» TO DO: Search the entries for the word "very" and copy each line that has it.

Top of RECORDS SUPPLIED

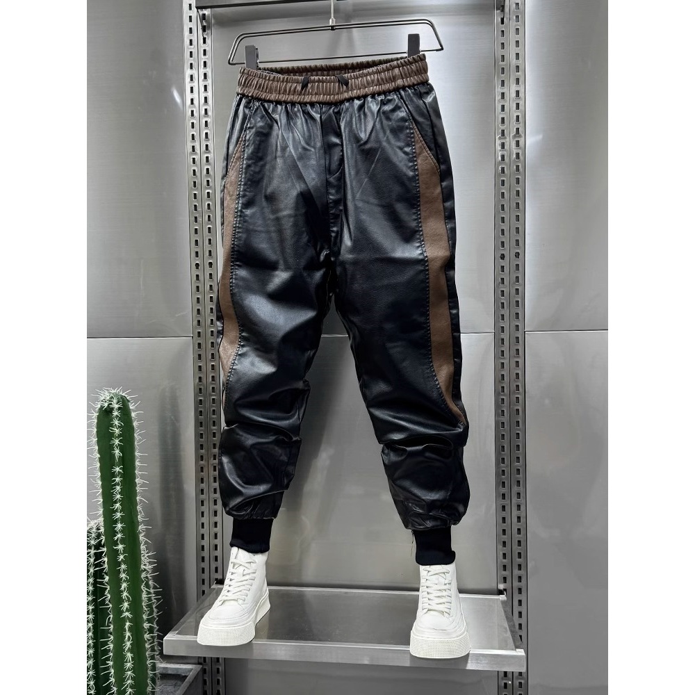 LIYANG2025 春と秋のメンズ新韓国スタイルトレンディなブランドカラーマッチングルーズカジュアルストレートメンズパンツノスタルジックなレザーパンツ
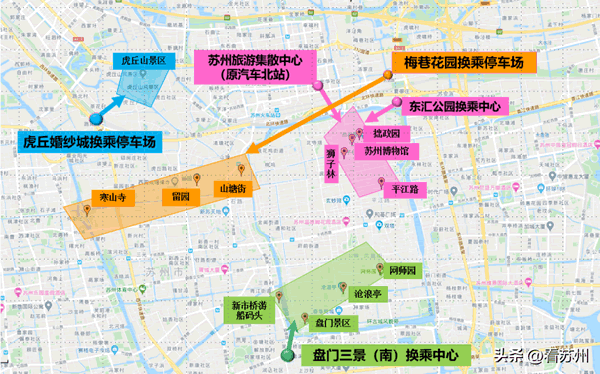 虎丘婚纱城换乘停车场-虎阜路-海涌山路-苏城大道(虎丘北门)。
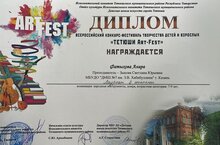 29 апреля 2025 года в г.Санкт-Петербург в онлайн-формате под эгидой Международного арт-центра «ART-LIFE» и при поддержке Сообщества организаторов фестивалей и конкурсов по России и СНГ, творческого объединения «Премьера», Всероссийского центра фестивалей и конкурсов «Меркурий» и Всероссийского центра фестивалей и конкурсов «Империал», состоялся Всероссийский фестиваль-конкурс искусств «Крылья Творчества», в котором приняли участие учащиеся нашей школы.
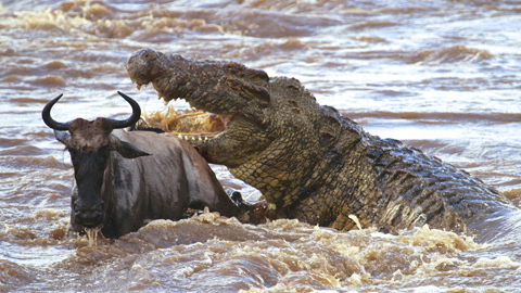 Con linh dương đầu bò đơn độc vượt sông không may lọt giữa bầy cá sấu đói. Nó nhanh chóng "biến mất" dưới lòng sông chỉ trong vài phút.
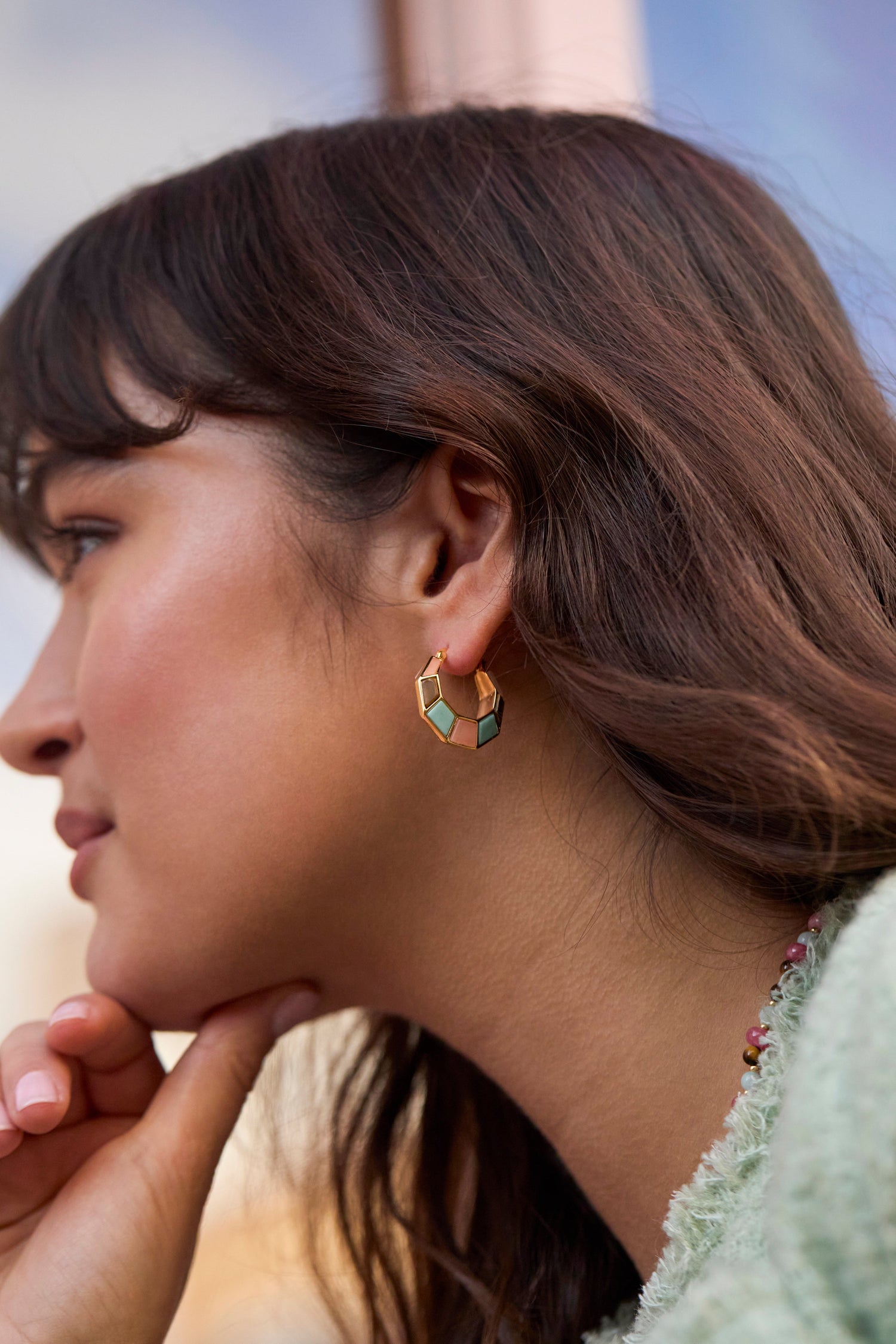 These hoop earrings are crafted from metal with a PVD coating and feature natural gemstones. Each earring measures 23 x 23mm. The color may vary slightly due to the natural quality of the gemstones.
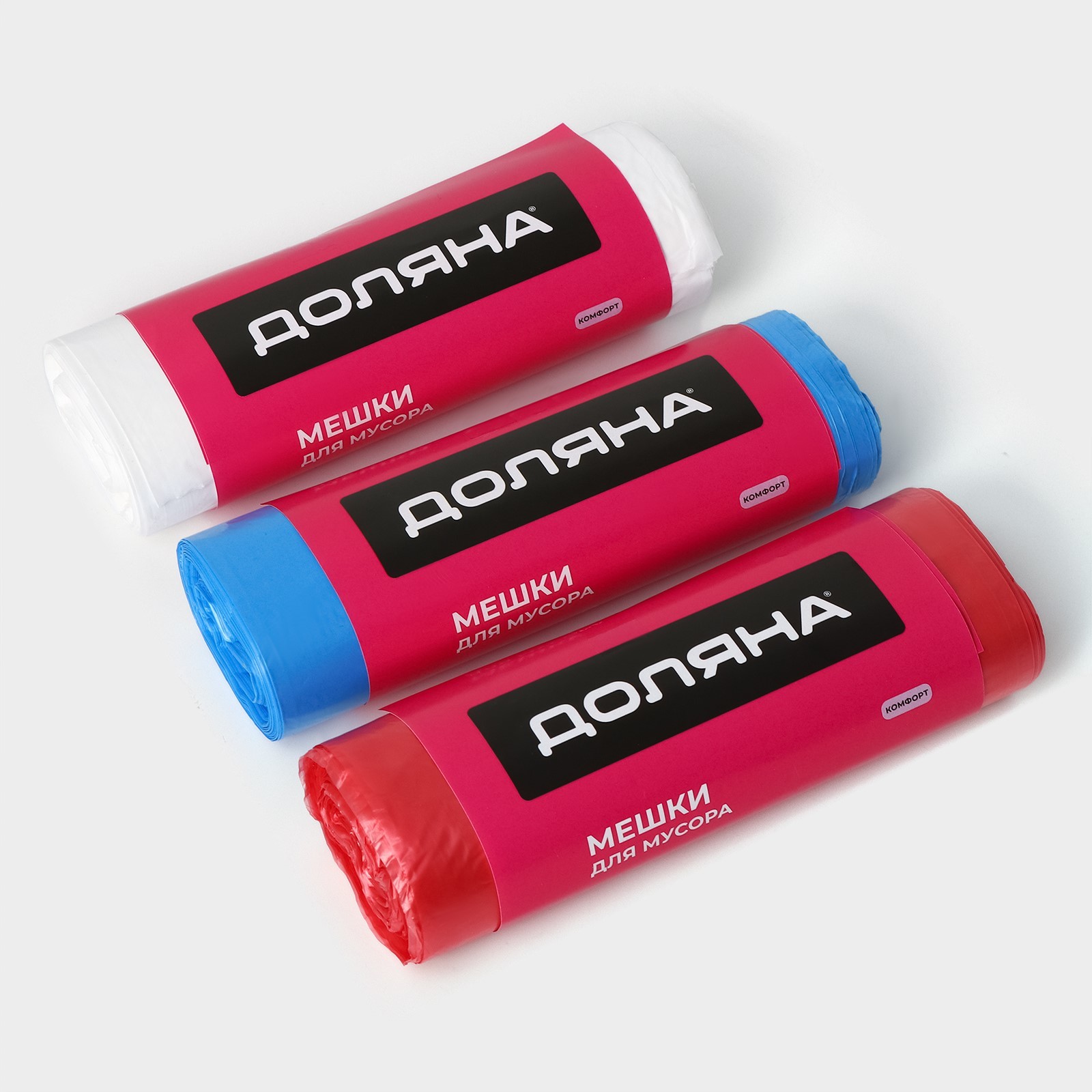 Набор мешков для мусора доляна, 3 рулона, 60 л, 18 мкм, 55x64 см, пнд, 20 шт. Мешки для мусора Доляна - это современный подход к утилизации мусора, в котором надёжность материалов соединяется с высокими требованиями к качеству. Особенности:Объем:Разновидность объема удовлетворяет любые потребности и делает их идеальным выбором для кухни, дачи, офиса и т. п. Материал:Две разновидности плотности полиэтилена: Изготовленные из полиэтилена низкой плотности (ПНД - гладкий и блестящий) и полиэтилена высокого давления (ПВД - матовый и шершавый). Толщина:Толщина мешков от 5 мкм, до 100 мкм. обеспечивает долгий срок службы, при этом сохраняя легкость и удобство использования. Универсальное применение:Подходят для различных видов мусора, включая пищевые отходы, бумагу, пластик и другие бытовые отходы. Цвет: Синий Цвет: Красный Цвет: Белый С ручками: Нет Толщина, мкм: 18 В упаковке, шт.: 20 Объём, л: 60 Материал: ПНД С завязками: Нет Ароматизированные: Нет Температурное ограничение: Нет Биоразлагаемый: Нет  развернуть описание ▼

Bottom of RECORDS SUPPLIED
Top of RECORDS SUPPLIED

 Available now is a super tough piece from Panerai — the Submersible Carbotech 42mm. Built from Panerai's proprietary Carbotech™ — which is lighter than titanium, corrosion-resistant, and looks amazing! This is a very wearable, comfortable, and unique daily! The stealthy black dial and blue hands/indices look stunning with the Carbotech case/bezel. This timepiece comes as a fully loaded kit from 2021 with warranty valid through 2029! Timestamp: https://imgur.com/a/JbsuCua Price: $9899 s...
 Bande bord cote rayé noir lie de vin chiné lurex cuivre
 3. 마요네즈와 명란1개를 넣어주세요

Bottom of RECORDS SUPPLIED
Top of RECORDS SUPPLIED

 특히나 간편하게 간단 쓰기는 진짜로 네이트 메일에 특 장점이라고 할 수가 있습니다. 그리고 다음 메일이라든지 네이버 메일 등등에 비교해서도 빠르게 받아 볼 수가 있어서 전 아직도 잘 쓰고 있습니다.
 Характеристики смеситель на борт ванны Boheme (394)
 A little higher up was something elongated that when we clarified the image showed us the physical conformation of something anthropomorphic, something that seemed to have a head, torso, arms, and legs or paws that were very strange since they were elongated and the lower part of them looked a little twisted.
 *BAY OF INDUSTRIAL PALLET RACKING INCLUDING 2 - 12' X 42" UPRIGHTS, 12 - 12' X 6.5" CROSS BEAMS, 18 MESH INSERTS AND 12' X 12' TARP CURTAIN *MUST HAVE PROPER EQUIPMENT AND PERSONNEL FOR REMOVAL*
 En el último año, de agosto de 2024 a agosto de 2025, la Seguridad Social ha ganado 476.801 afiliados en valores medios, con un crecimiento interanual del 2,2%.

Bottom of RECORDS SUPPLIED

» ANSWER TO THIS PROBLEM:
 Available now is a super tough piece from Panerai — the Submersible Carbotech 42mm. Built from Panerai's proprietary Carbotech™ — which is lighter than titanium, corrosion-resistant, and looks amazing! This is a very wearable, comfortable, and unique daily! The stealthy black dial and blue hands/indices look stunning with the Carbotech case/bezel. This timepiece comes as a fully loaded kit from 2021 with warranty valid through 2029! Timestamp: https://imgur.com/a/JbsuCua Price: $9899 s...
 A little higher up was something elongated that when we clarified the image showed us the physical conformation of something anthropomorphic, something that seemed to have a head, torso, arms, and legs or paws that were very strange since they were elongated and the lower part of them looked a little twisted.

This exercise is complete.